Identifying geographic areas where incidence rates of LB disease are highest could inform future intervention strategies. Current reviews have only focused on Western Europe (ECDC, 2018; Sykes and Makiello, 2017), and there is a need to determine if LB is an emerging public health problem in the rest of Europe as well. To inform intervention strategies in Europe, including vaccines under development, we systematically assessed publicly available surveillance data for LB incidence in all of Europe.
Methods
We obtained publicly available surveillance data that report the incidence of LB in all regions of Europe (PROSPERO CRD42021236906) to develop country-level estimates of the incidence of LB in Europe over the past 15 years. Websites from the following sources were searched for public health surveillance reports on LB from 2005 to 2020: ECDC (ECDC, 2020), World Health Organization (World Health Organization, 2000), and other websites of government public health agencies and institutes in Europe with LB surveillance programs and annual reports (Supplementary Table S1). No limit was placed on language; non-English reports were translated from their original published language into English using DeepL Translator Pro 2021. Data for Germany were not published as reports, but were obtained from regional surveillance data collected centrally by the Robert Koch Institute and available on-line (Robert Koch Institute, 2021a).
Analysis
Data were extracted into Excel. Population-based incidence was the number of reported LB cases per 100,000 population per year (PPY).

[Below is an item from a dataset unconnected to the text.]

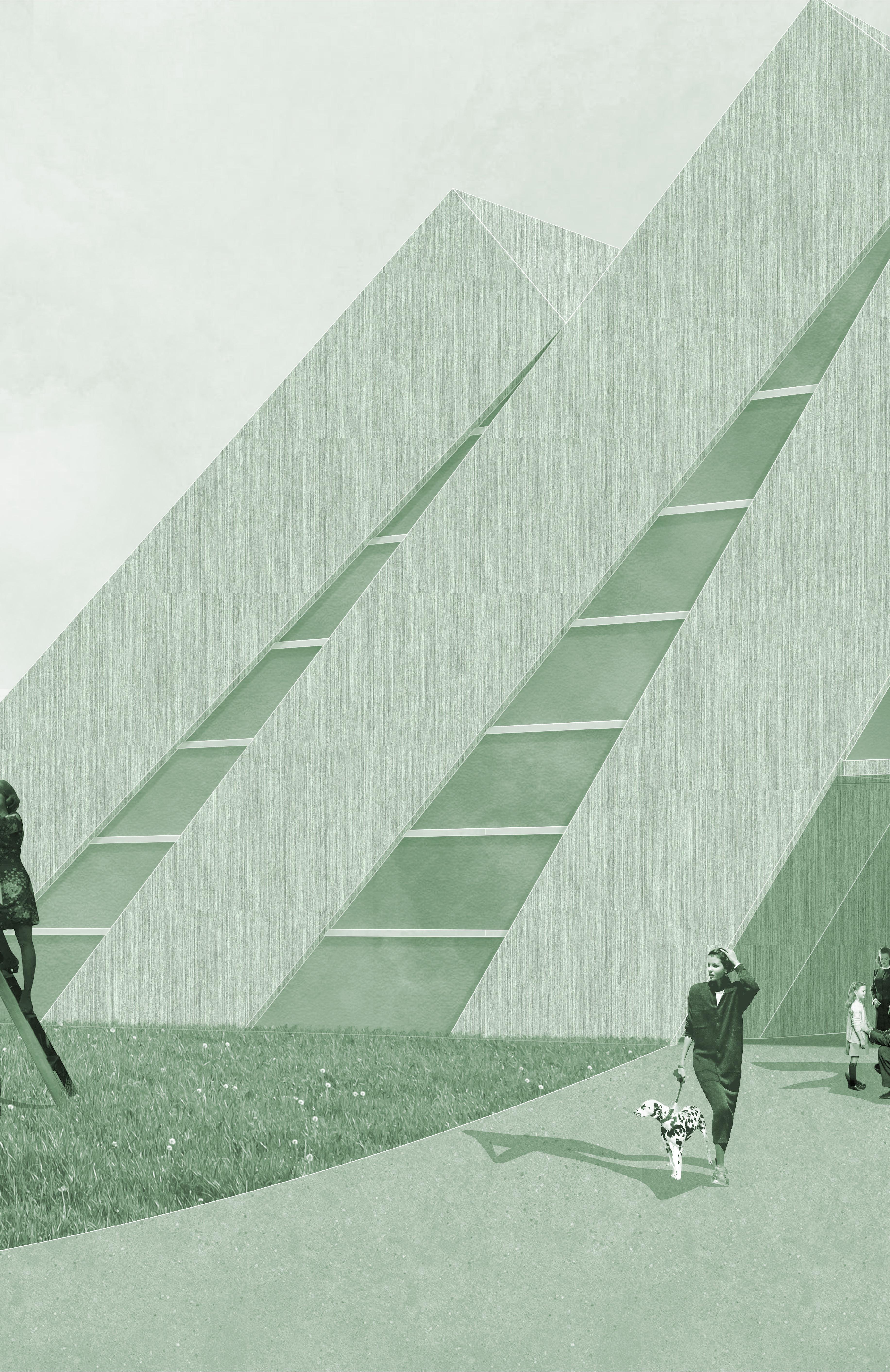 The twisting of “books” creates outdoor balcony spaces The leaning books creates threshold spaces of natural light in between the books
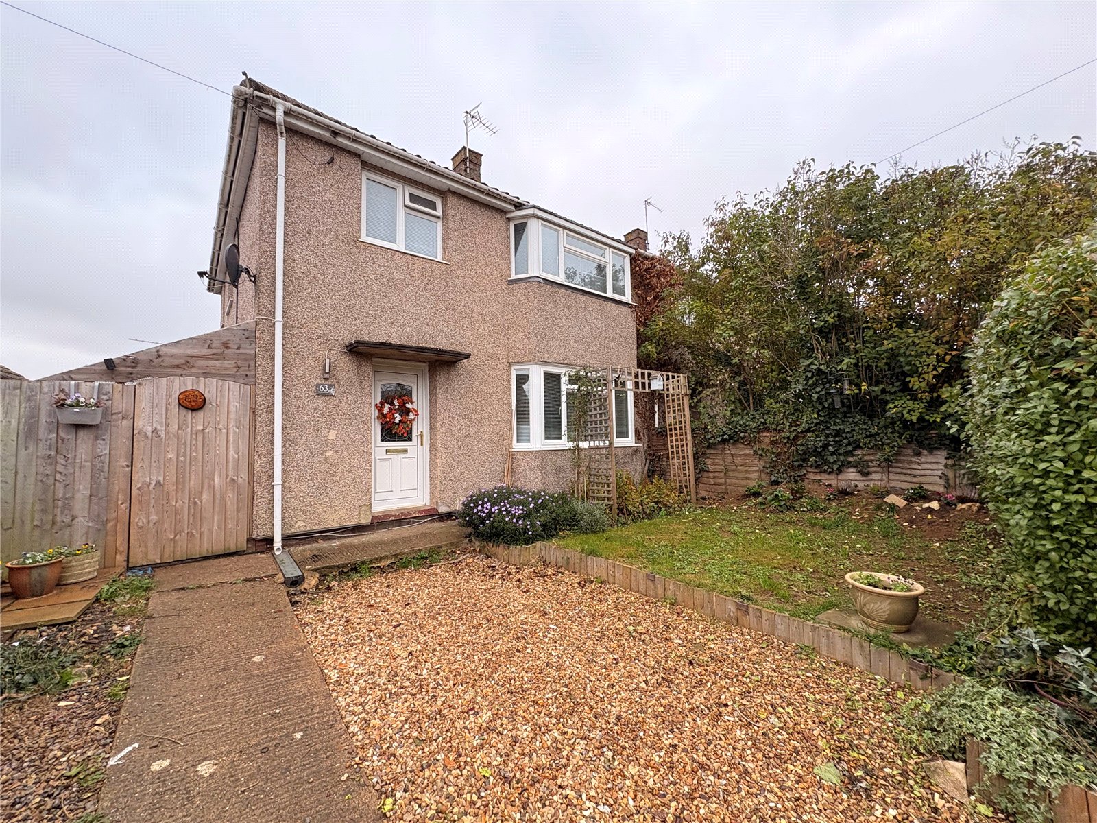 Front    With pathway leading to the front door and side gate, gravelled area and lawn, partially enclosed by hedging

When public health surveillance reports only provided the number of cases of LB, we transformed the number of cases into incidence proportions greed (Dicker et al, 2012) using available census data for European populations. For the purposes of analysis, we considered Europe as comprising four major regions: Eastern Europe, Northern Europe (subdivided as the Baltic states, Nordic countries, and The United Kingdom and Ireland), Southern Europe, and Western Europe. Country-level data were then organized accordingly (Table 2) (World Health Organization, 2022).
Table 2.
Results of Search for Publicly Available, National-Level Surveillance Providing Estimates of Lyme Borreliosis Incidence
| Region | No. of countries extracted | No. of countries in Europe by regiona | Countries extracted | Countries with NO surveillance information extracted |
|---|---|---|---|---|
| Eastern Europe | 8 | 13 | Bulgaria, Czech Republic, Hungary, Poland, Romania, Russia, Slovakia, Slovenia | Azerbaijan, Belarus, Georgia, Republic of Moldova, Ukraine |
| Northern Europe | ||||
| Baltic states | 3 | 3 | Estonia, Latvia, Lithuania | — |
| Nordic Region | 2 | 5 | Finland, Norway | Denmark, Iceland, Sweden |
| United Kingdom and Ireland | 5 | 5 | England, Scotland, North Ireland, Ireland, Wales | — |
| Southern Europe | 3 | 17 | Croatia, Portugal, Serbia | Albania, Andorra, Armenia, Bosnia and Herzegovina, Cyprus, Italy, Greece, Kosovo, Malta, Montenegro, San Marino, Spain, Republic of Macedonia, Turkey |
| Western Europe | 4 | 9 | Belgium, France, Germany, Switzerland | Austria, Liechtenstein, Luxembourg, Monaco, Netherlands |
| Total countries | 25 | 52 | ||
There were 25 of 52 countries (48.1%) with publicly available, national-level surveillance data providing estimates of LB incidence.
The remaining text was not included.